糖尿病や高血圧、心筋梗塞に脳梗塞...こういった怖い病気の原因が、実は「食べすぎ」にあることをご存知でしょうか。「"ちょい空腹"が体にさまざまなメリットをもたらす」と提唱する医学博士・石原結實さんは、これら「食べすぎ病」の蔓延に警鐘を鳴らしています。そこで、石原さんの著書『やせる、若返る、病気にならない ちょい空腹がもたらす すごい力』(ワニブックス)から、人生100年時代を健康に過ごすための「食べすぎない技術」を連載形式でお届けします。
メニューは和食を中心に
今回は、断食と一緒に実行すればさらなる健康向上につながるような取り組みを紹介していきたいと思います。
もちろん、これらを単独で実行してもらってもかまいません。
さまざまな理由により、断食にチャレンジするのは難しいという方もいらっしゃるでしょうから、そのような方はここで紹介する内容だけでも生活に取り入れてみてください。
さて、最初にお勧めしたいのは、「和食」です。
アメリカ上院で1977年に発表された「ダイエタリー・ゴールズ(dietary goals)」の中でも、「和食こそ世界一の健康食」と太鼓判を押してもらっているのですから、和食中心の食生活は健康にいいものです。
とくに50歳以上の方には強くお勧めします。
洋食と和食の違いは、
・洋食=肉+葉菜(サラダ)
・和食=魚・魚介類(エビ・カニ・イカ・タコ・貝など)+根菜の煮物・つけ物
という特徴にあると思います。
和食が「世界一の健康食」たるゆえんはこの海産物と根菜の健康効果にあります。
〈海産物の健康効果〉
30億年前に生命が誕生した所は「海」です。
「生命を生み出した」という意味で「海(うみ)」といいます。
なので、魚・魚介類・海藻などの健康への効能は、絶大なものがあります。
─魚の効能─
魚に含まれる脂(EPA、DHA)には、
1.血管を拡張して血圧を下げる。
2.血小板の凝集を抑制して血栓症(心筋梗塞や脳梗塞)を防ぐ。
3.血中の中性脂肪を低下させる。
4.善玉HDLコレステロールを増加させる。
5.悪玉LDLコレステロールを低下させる。
などの効能が知られています。
魚は、刺身で食べても、煮たり焼いたりして食べても効能は変わりません。
─魚介類の効能─
「魚介類(エビ・カニ・イカ・タコ・貝・牡蠣など)は高コレステロール食物」という従来の考えは、1977(昭和52)年、当時の大阪大内科の山村雄一教授(後に総長)によって否定されました。

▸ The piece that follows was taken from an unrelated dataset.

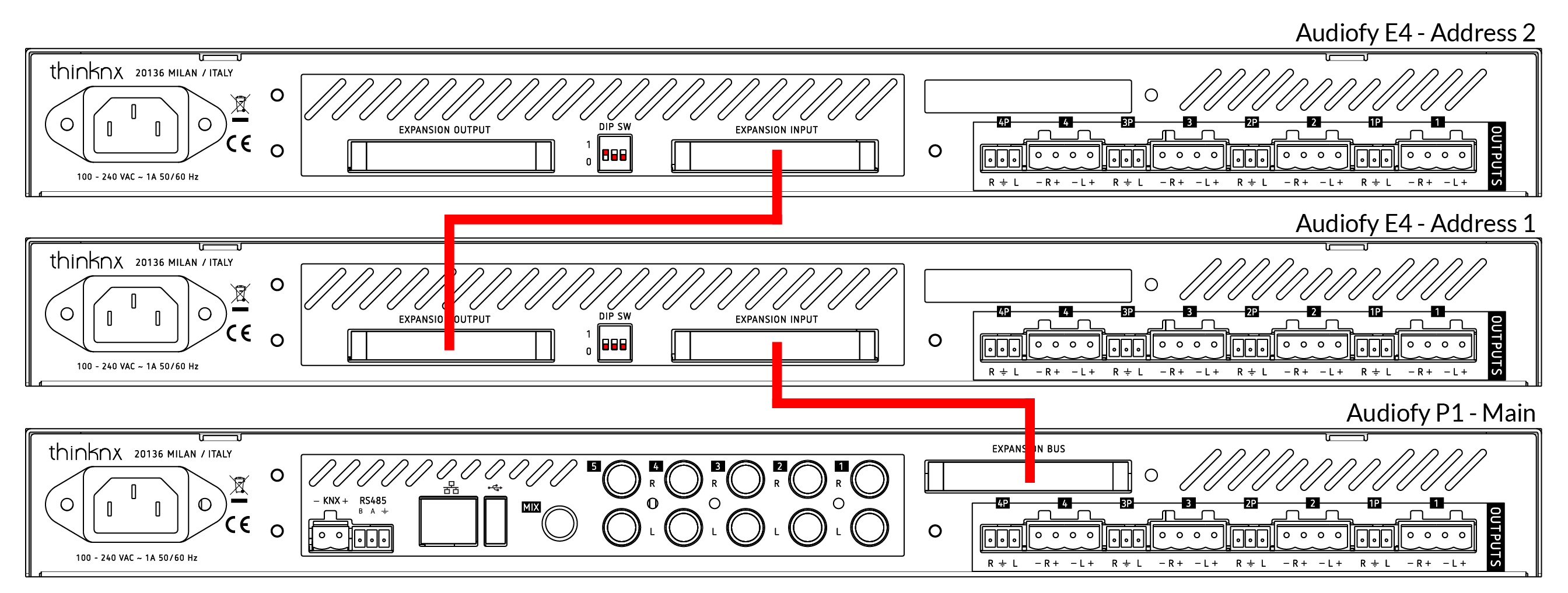 To expand the system and use the Audiofy E4, proper connections must be done between the master device (P1 or P4) and the expansions. The master device must be connected to the first expansion using the EXPANSION BUS connector and than all the other expansions must be daisy chained using EXPANSION IN - EXPANSION OUT connections like the picture below.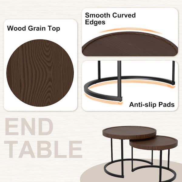 5-Piece Light Brown Wicker Outdoor Patio Sectional Sofa Seating Set with Wood Grain Top Coffee Tables, Blue Cushions

従来の「比色法」という分析法からより鋭敏な「酵素法」に変えて測定したら、コレステロール含量が非常に少なかったことが判明したのです。
その上、魚介類に多く含まれる含硫アミノ酸の「タウリン」には、
1.胆石を溶解する。
2.肝臓の解毒性を強化させる。
3.血液中のコレステロールを減少させる。
4.強心作用を発揮する。
5.不整脈を改善する。
6.血圧を下げる。
7.筋肉疲労をとる。
8.アルコールの害を防ぐ。
9.精力を強くする。
10.インスリンの分泌を促し、糖尿病を防ぐ。
11.視力を回復させる。
などの作用があることが明らかにされています。
〈根菜の健康効果〉
人間は、50歳をすぎる頃から、尻の筋肉は削げ落ち、太腿は細くなり、なんとなく下半身が寂しくなってくるものです。
この頃から、腰や膝の痛み、(夜間)頻尿、下肢のむくみ、こむら返り、インポテンツ等々、老化の症状が顕在化してきます。
「老化は足(脚)からくる」と言われるゆえんです。
ところで、西洋医学の医師の先生には荒唐無稽に思えるかもしれませんが、漢方医学には「相似の論」というのがあります。
これは、「似たような形のものは似たような働きがある」というもので、「飛行機は鳥に、船は魚に似せて作ってある」と言えばわかりやすいでしょう。
それを踏まえると、「人間の下半身」は「植物の根」に「相似」します。
なので、衰えていく下半身を強化して若さを守るには、ゴボウ・人参・レンコン・ネギ、玉ネギ・山芋などの根菜を毎日しっかり食べるべきなのです。
日本には「ゴボウ5時間、人参2時間、山芋たちまち」という俗言があります。
これは下半身に存在する「3本目の脚」である陰茎(ペニス)が根菜類を食べることで元気になる、という意味です。